We welcome these multi-million and multi-billion-dollar corporations to file vexatious litigation against us, so we can subpoena every connected party, and through the authority of the court, compel them to tell the truth under oath against our evidence, while we also report publicly the truth of their actions, as is our right.
To understand the trepidation of these multi-million and multi-billion-dollar corporations, check out the back story of our international experience in Investigative Journalism which details how we have used evidence to disprove the claims of various abusers of our system of criminal and civil justice to secure our right to tell the truth as journalists. Also, review this page to learn what happened when a top lawyer from Toronto threatened to sue us through the same kind of repugnant and abusive SLAPP litigation when we started reporting the truth about how a slumlord contributed to the death of a disabled man who was made to pay absurd levels of rent to live during the coldest period of winter in an uninsulated and poorly maintained summer trailer that provided neither sewage or cooking facilities.
Despite her status as a top Toronto litigator, and a full partner in a prominent law firm, the highly experienced lawyer ran away with her tail between her legs based solely on our reply, never to be heard from again.
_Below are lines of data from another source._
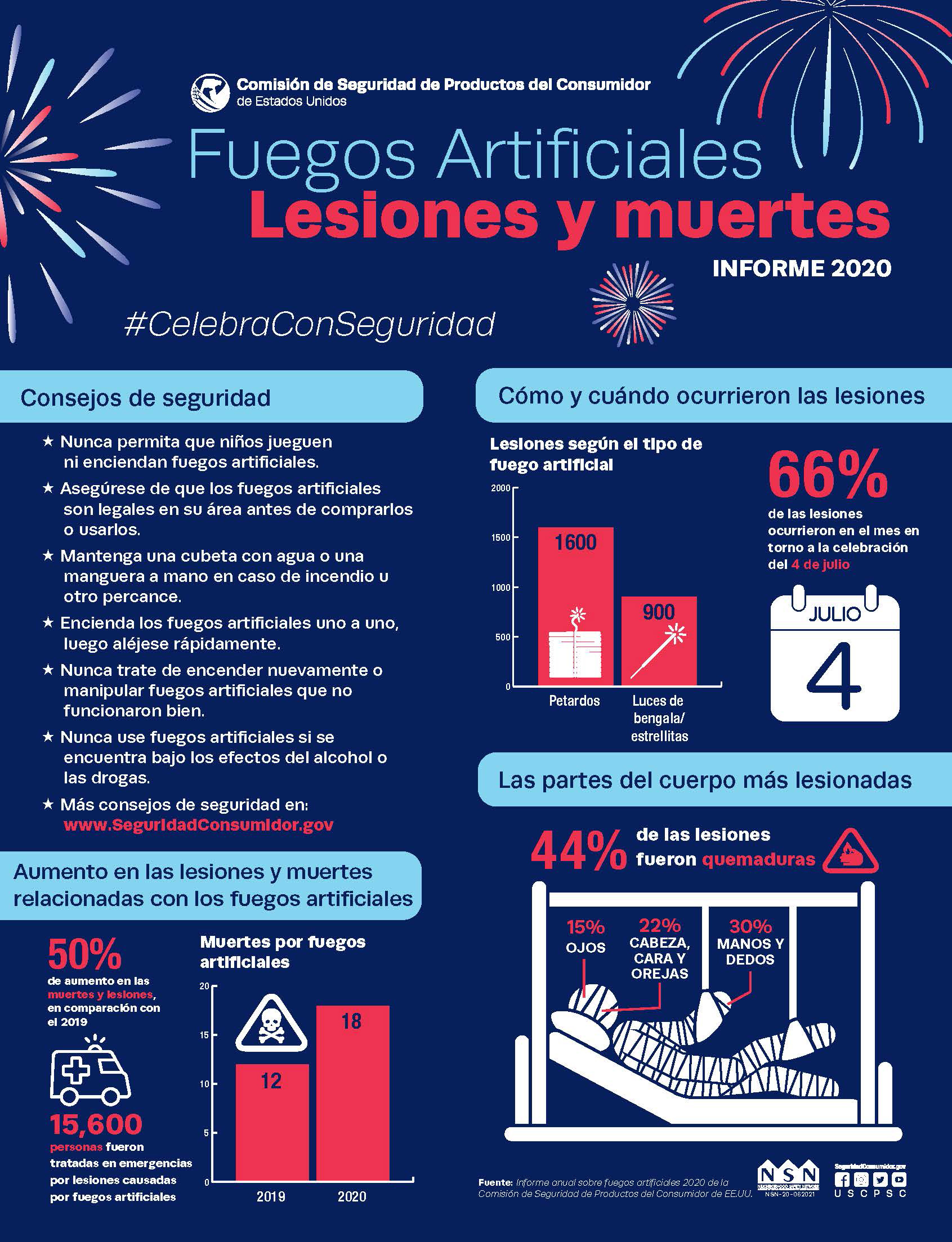 Un nuevo informe (en inglés) de la Comisión de Seguridad de Productos del Consumidor de EE. UU. (U.S. Consumer Product Safety Commission, CPSC) resaltó un aumento del 50% en las muertes y lesiones por incidentes relacionados con fuegos artificiales en 2020, en comparación con 2019.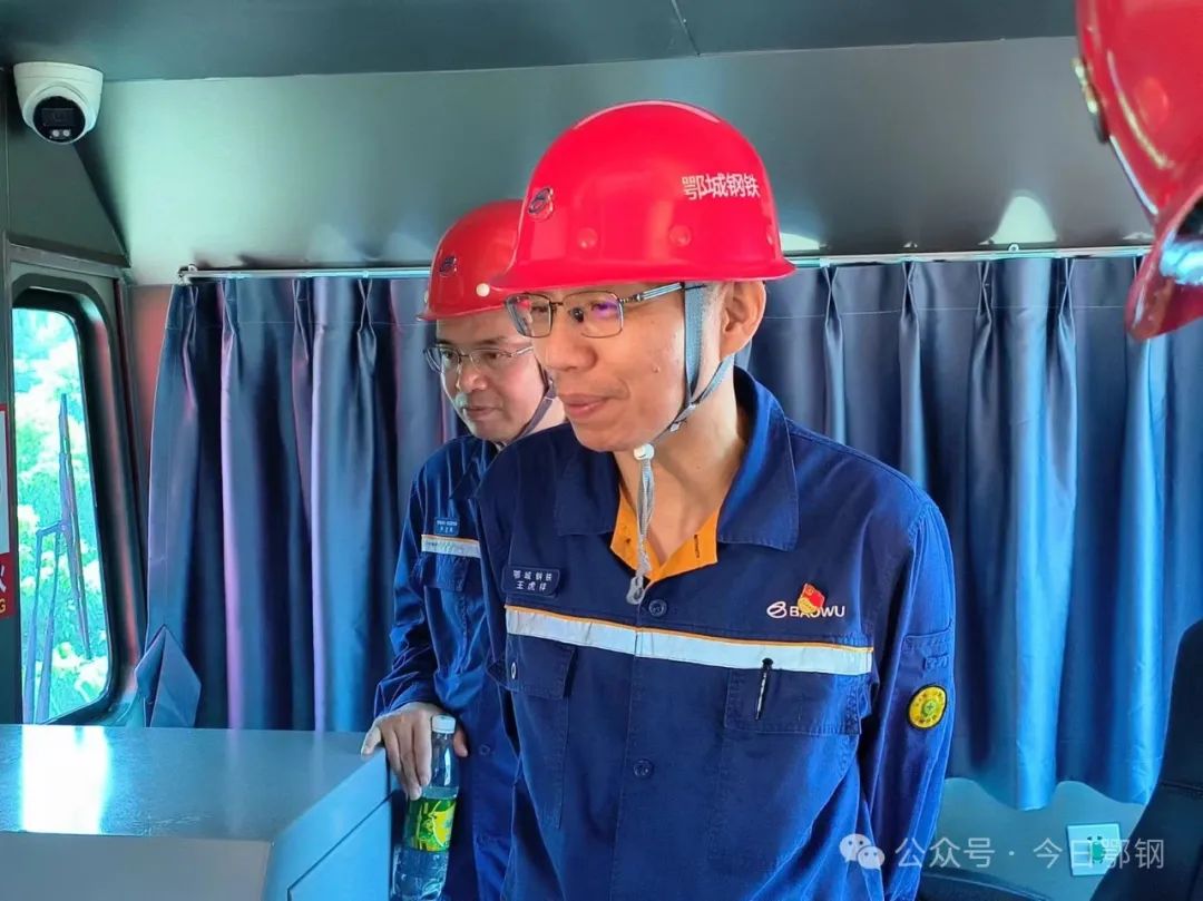 7月8日,炎炎烈日,鄂城鋼鐵公司黨委書記、董事長王虎祥來到物流管理部1號爐出鐵現場調研。他興致勃勃地登上EGCD001號純電機車,體驗機車的操作、駕駛和運行。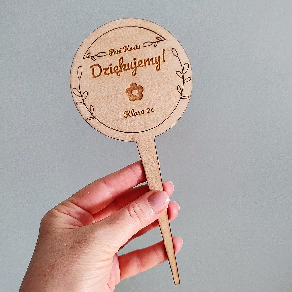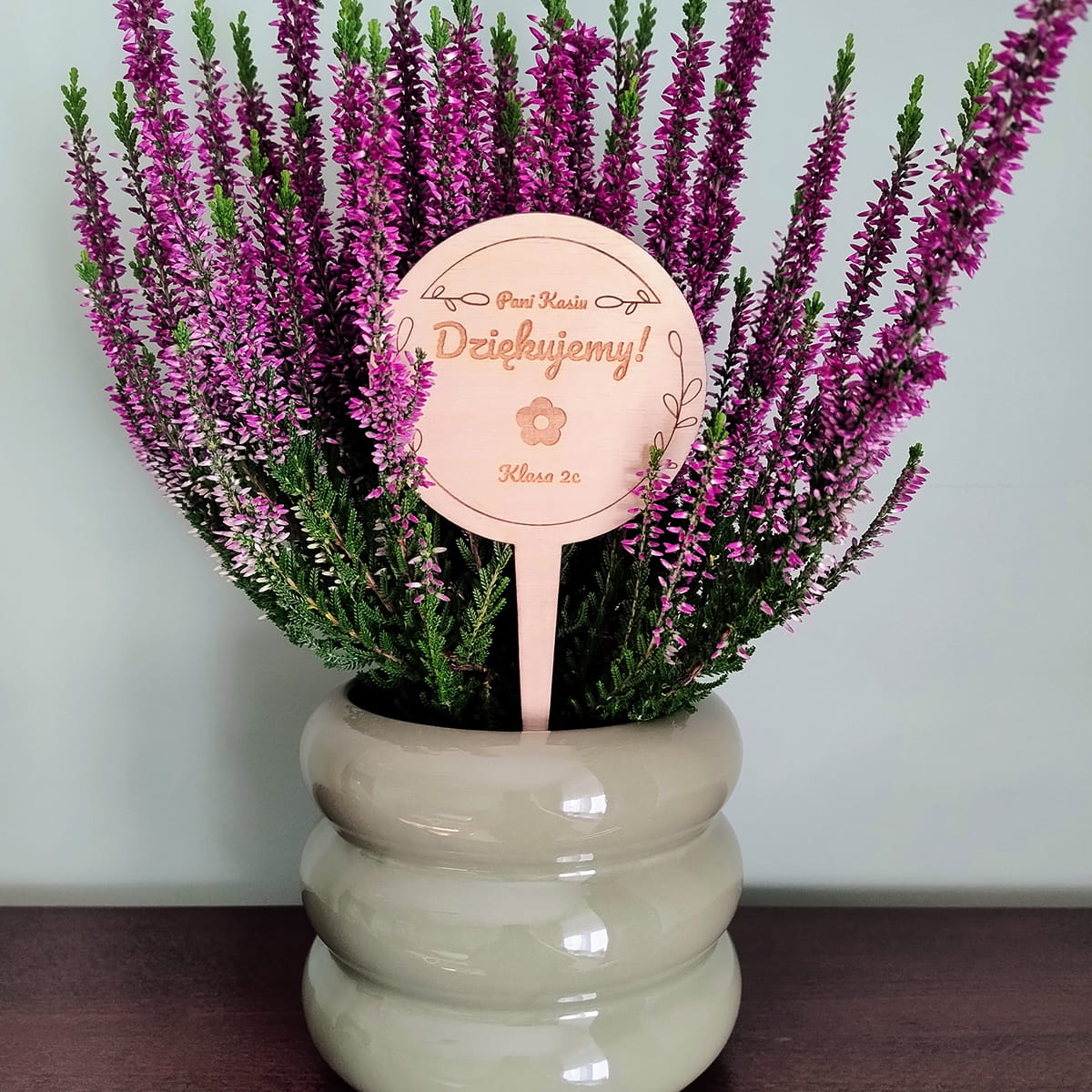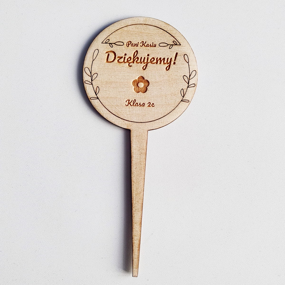 Topper z dedykacją, może być użyty np.: do kwiatów doniczkowych, bukietów.

Lawyers are huff, puff, and bluff, and very few ever want their case to go to trial. This is especially true when the intended target of abuse can prove usury, or loan sharking, using hard evidence in the form of financial documents provided by the broker that were also provided to the bank. Then, there is the issue of claiming criminal or civil malfeasance against an altruist and philanthropist who not only undertakes boots on the ground support for the homeless community but has also opened up his home to help six otherwise unsheltered people to advance with recovering their lives. Then they will have to discredit to a judge the victim of their clients' crimes, who has donated more than $700,000.00 in services to more than 180 charities, not-for-profits, and benevolent community groups, many of which will stand in support of his desire to expose elder fraud by loan sharking brokers and a bank that chose to support and defend their actions.
We cannot say for sure, but it appears that the multi-million and multi-billion-dollar corporations have now been reduced to hiring online con-artists to send new daily versions of these easily filtered 'threats', and if that is true, we truly feel pity for how far the once mighty have fallen.